- [Work required] Only the lines below from the one containing "高精度の電気化学式アルコールチェッカー" through the one containing "患者に交じって一人だけのスタ" belong in the answer, set down exactly, with the pictures left out.

- [Records]
#####

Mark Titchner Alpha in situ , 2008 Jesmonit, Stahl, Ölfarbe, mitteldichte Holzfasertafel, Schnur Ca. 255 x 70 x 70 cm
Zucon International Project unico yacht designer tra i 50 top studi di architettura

#####

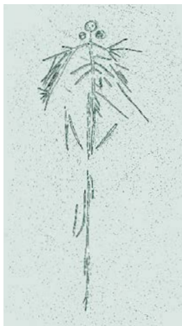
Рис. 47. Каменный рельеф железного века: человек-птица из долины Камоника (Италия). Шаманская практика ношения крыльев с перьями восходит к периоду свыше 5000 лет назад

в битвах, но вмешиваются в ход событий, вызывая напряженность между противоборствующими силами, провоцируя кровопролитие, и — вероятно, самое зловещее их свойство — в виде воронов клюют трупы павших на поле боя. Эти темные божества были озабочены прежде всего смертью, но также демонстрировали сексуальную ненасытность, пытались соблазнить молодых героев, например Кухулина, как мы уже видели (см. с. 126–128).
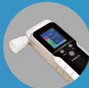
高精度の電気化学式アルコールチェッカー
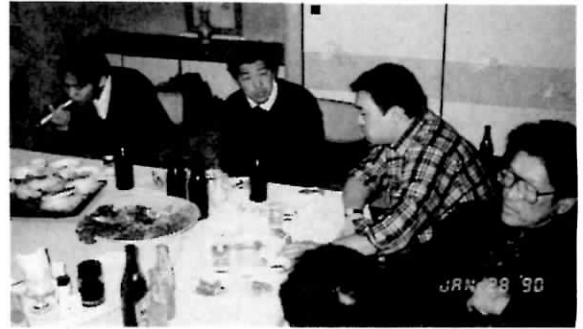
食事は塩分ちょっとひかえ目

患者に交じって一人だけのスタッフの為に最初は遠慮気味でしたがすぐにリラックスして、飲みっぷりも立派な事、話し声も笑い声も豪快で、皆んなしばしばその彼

#####

- [Result of the task]
高精度の電気化学式アルコールチェッカー
食事は塩分ちょっとひかえ目

患者に交じって一人だけのスタッフの為に最初は遠慮気味でしたがすぐにリラックスして、飲みっぷりも立派な事、話し声も笑い声も豪快で、皆んなしばしばその彼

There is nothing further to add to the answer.